Ce recueil de nouvelles se compose de 27 textes courts basés sur des souvenirs d’enfance à la ferme.
Au début de l’été, c’est la saison des foins, ça me fait un peu de travail, mais ça ne me déplaît pas. Le circuit du foin est assez compliqué, il faut le couper au bon moment une fois que l’herbe est assez haute, puis une machine le brasse plusieurs fois pour le faire sécher en espérant que la pluie n’arrive pas plus tôt que prévu.
Ensuite, le tracteur forme de longs boudins tout autour des champs et une chargeuse vient racler tout ça avant l’orage.
De retour à la ferme, le foin est déchargé en un énorme tas le long du mur de la grange, sur le chemin, ce qui peut gêner la circulation. Le fonctionnement de la remorque à foin me fascine, une sorte de tapis roulant avance par saccades pour déplacer le fourrage vers l’arrière, petit à petit. L’engin fait beaucoup de bruit, il grince et des pièces sont tordues, mais la masse se déplace quand même, soulève la porte arrière, et tombe sur le sol par blocs. A l’avant de la chargeuse, des dizaines de petites dents tournent comme un moulin, il vaut mieux éviter d’y mettre la main.
Quand la remorque repart derrière le tracteur pétaradant, il faut alimenter la griffe qui va monter le foin à l’abri dans ses bras d’acier. La griffe est une impressionnante mâchoire métallique que les hommes referment sur le tas de foin en sautant dessus. C’est alors à moi d’appuyer sur le bouton qui lance la montée du chargement vers le fenil. La griffe arrache une motte énorme et s’élance lentement dans les airs en se balançant comme une pendue. Je suis à côté du moteur électrique qui fait un bruit infernal, les courroies rapiécées ont toujours l’air de vouloir sauter, mais la griffe chargée finit par atteindre le toit et le rail métallique l’emporte vers la grange dans une gerbe de poussières et de brindilles qui nous retombent dessus en pluie. Le voisin klaxonne, on regroupe le foin pour lui faire un passage le long du talus.
Là-haut, sous les toits, il fait une chaleur à crever, la griffe lâche d’un coup son chargement à la station prévue. Un nuage de poussière finit d’étouffer les personnes en sueur chargées d’étaler le foin en un tas régulier, sans oublier de généreuses poignées de sel pour une bonne conservation.

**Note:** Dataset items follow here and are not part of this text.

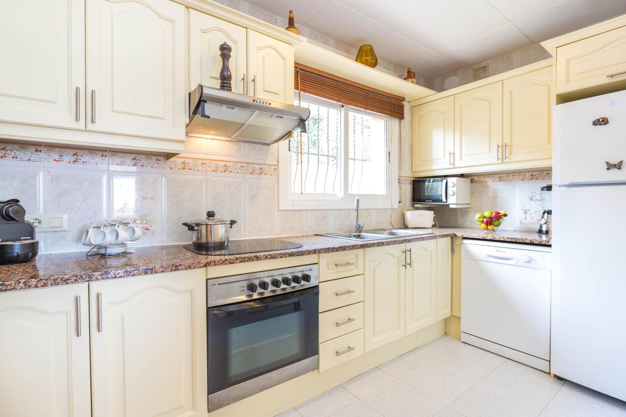Vardagsrum(TV(satellit), matbord, öppen spis, sitthörna), Kök(brödrost, kaffebryggare, ugn, mikrovågsugn, diskmaskin, kylskåp, frys, ), sovrum(dubbelsäng), sovrum(dubbelsäng), sovrum(enkelsäng, enkelsäng), badrum(dusch), badrum(dusch), Tillgång till Internet, tvättmaskin, värme, terrass, trädgård, grill, parkering, swimmingpool(privat), strykjärn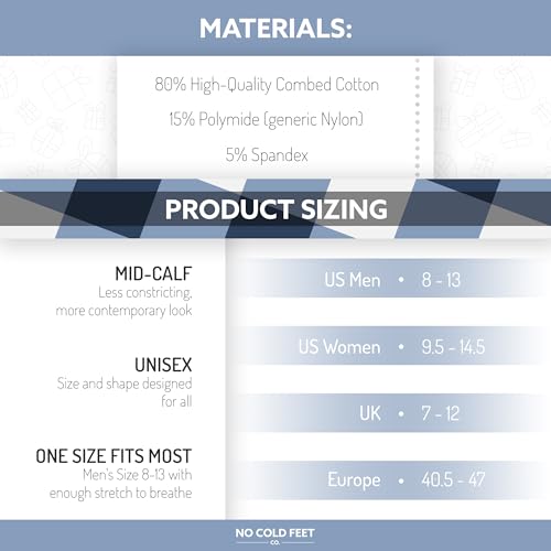 • ONE SIZE FITS MOST: Don't let cold feet ruin your day or fashion sense; keep yourself looking and feeling excellent with our best-selling mens patterned dress socks; impeccable style and function for any occasion. Fits US men's shoe sizes 8-13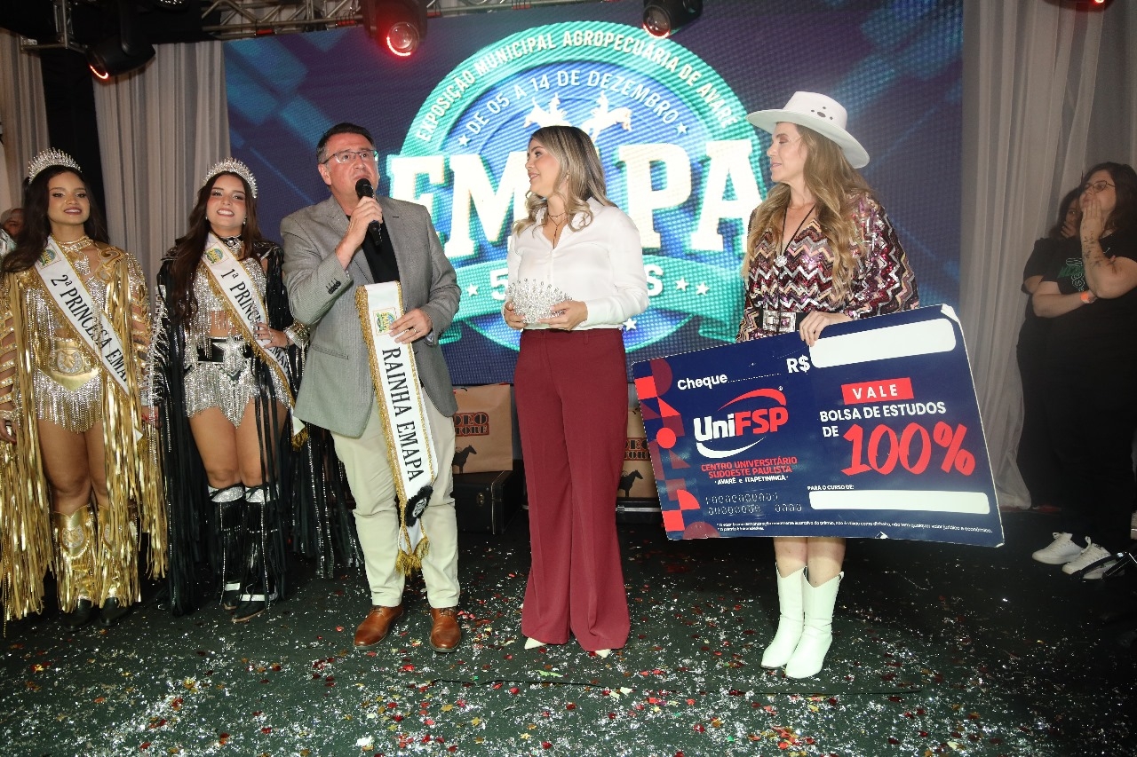 O Concurso Rainha da 55ª Emapa teve patrocínio do Centro Universitário Sudoeste Paulista (UniFSP) e da Rodeo Store, com apoio da Secretaria Municipal da Cultura.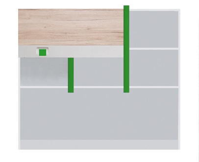 Zatímco korpus je vyveden v jednoduché bílé, tak přední část je kombinací přírodního dekoru dubu san remo, hedvábně bílé a zelené či růžové barvy. Svůj vzhled i barevnost si zachová po mnoho let díky na výrobu zvoleným LTD deskám. Ty se vyznačují dlouhou životností, vysokou stálostí a neměnným vzhledem. Výhodou je také nenáročná povrchová údržba.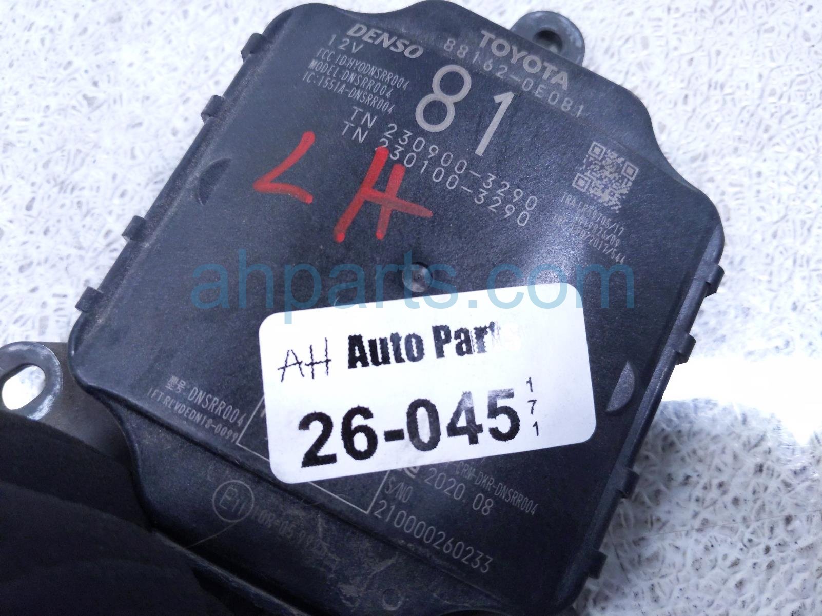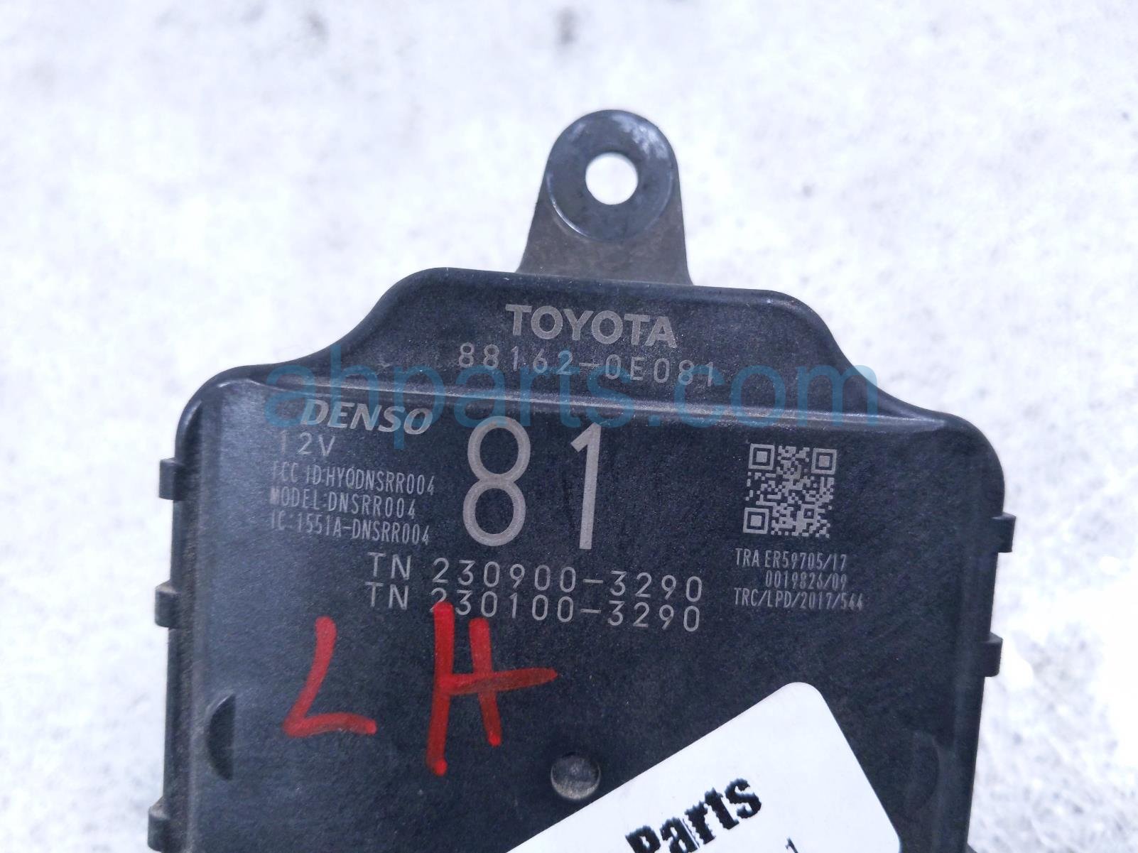 2020 Toyota Highlander rear driver blind spot radar unit is a used item with a 1 year warranty. This OEM replacement rear driver blind spot radar unit is genuine and has part numbers 88162-0E081, and 881620E081. This Toyota part is for sale (please call for pricing).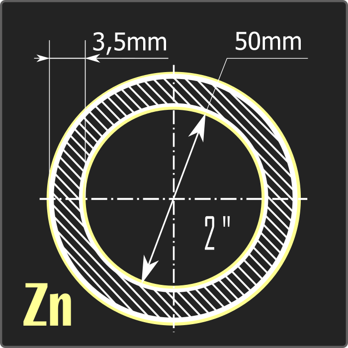 Труба стальная водогазопроводная оцинкованная внутренним диаметром 50мм, толщиной 3,5мм и длиной 6м. Тип покрытия – горячее цинкование ГОСТ 9.307-89. Материал - углеродистая сталь. Соответствует требованиям ГОСТ 3262-75.
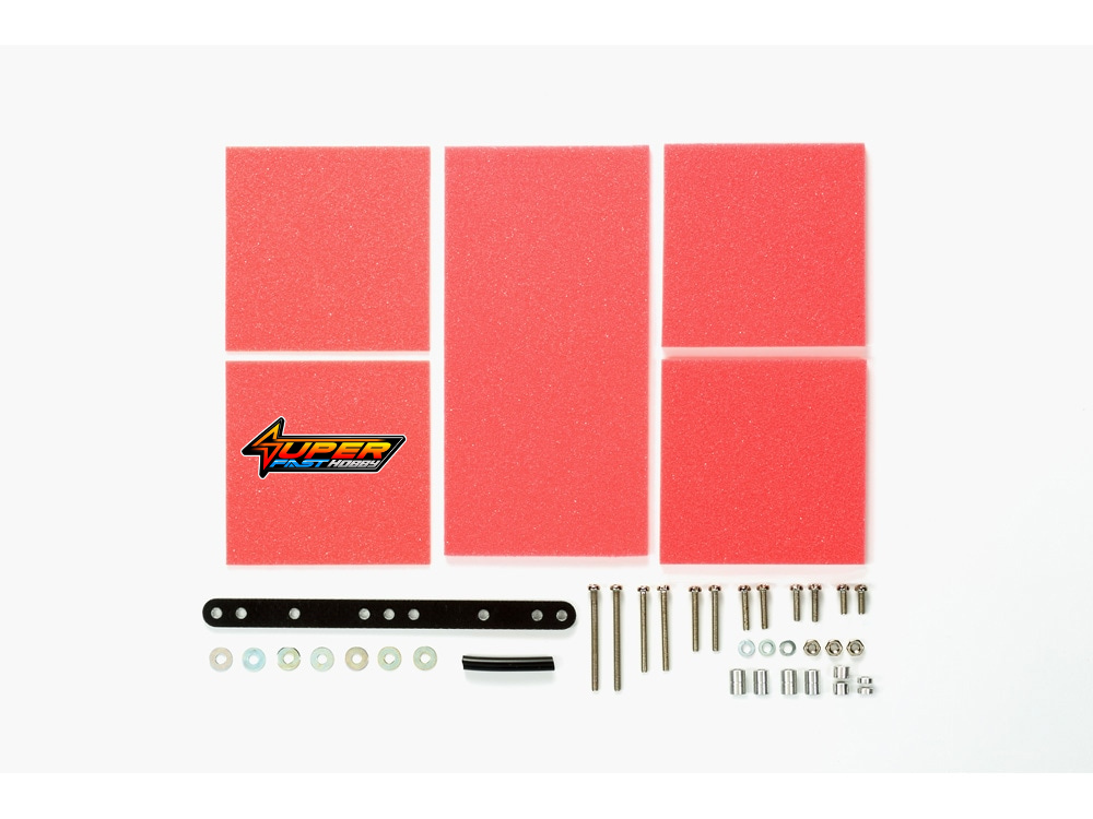 ★Adjust your Mini 4WD machine’s braking characteristics with this handy set! ★1mm thickness sponge can be used even on parts very low to the ground, such as the chassis underside. ★Three different thicknesses are included to give you a free hand in where and how you use them.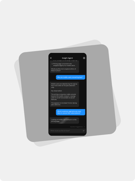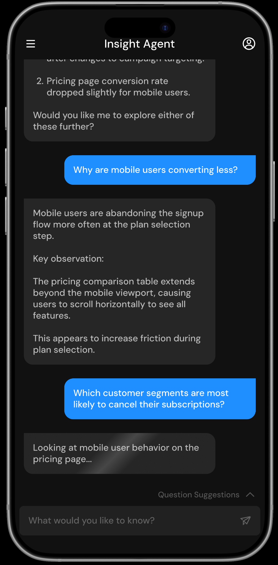 Suggested follow-up questions help guide the conversation and encourage deeper exploration, while the interface communicates what the agent is analyzing in real time to build trust in the system’s reasoning.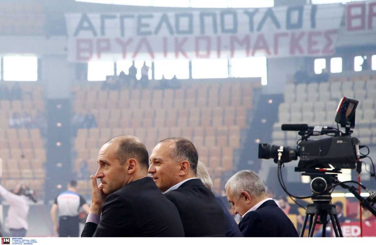 Με το πρωτάθλημα να είναι στον… αέρα μετά την αποχώρηση του Παναθηναϊκού, οι φίλοι των Πειραιωτών έστειλαν το δικό τους μήνυμα με πανό που έγραφαν «Θρυλικοί μάγκες Αγγελόπουλοι», «Θρύλε περηφάνεια μας», «Αφού δεν μας σέβεστε να μας φοβάστε» και «Τράκη ο στρατός σου λιποτακτεί». Τα πανό των οπαδών στο ΣΕΦ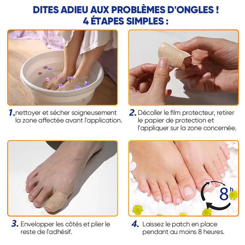 Il suffit d’appliquer le patch directement sur la zone concernée (ongle ou peau). Laissez agir toute la journée ou la nuit pour un maximum d’efficacité.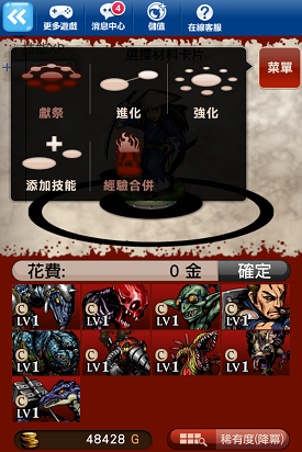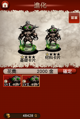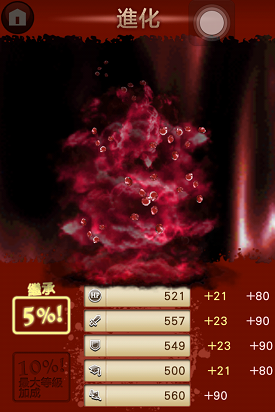 进化也是玩家们不可错过提升战斗力的方式,藉由两个完全相同的角色彼此合成,来提升角色的能力,可以由右图看见除了进化之后的可以提升角色的战斗力外,进化还有一个很特别的地方就是它可以继承被合成掉的那张卡片一部分的能力,这个範例中继承了5%,若是被合掉的卡片满及的话,可以得到10%最高的继承。

C’est un travail harassant, je le sais, je l’ai fait plus tard, le manche du trident vous arrache les mains et tout le corps gratte à cause des débris de foin qui vous collent à la peau.
Je suis impressionné par la griffe qui se promène plus ou moins docilement sous le faîtage, elle semble animée d’une vie autonome et obéit aux commandes quand ça lui chante. On dirait une araignée géante qui fait des provisions pour l’hiver, et nous sommes les prisonniers gluants de sa toile. D’ailleurs, de vieilles toiles pendent partout, momifiées par la poussière. Les tas du fenil deviennent énormes, il nous faut installer une échelle pour les atteindre.
Quand je suis en bas et que je vois surgir la griffe sous le toit, j’ai toujours l’impression qu’elle va nous tomber dessus. Elle se bloque brutalement et amorce sa descente en tanguant au bout du câble tendu. Il faut arriver à saisir une de ses pointes et à l’ouvrir en grand avant qu’elle ne touche le sol, en évitant de se faire embrocher.
Après de nombreux voyages chaotiques et beaucoup de poussière, le foin est au sec pour l’hiver. La chargeuse retourne au fond de la remise, où nous pourrons l’escalader et explorer ses entrailles. La griffe s’immobilise pour surveiller son antre, ses dents vont recommencer à rouiller, mais elle est toujours la reine des araignées.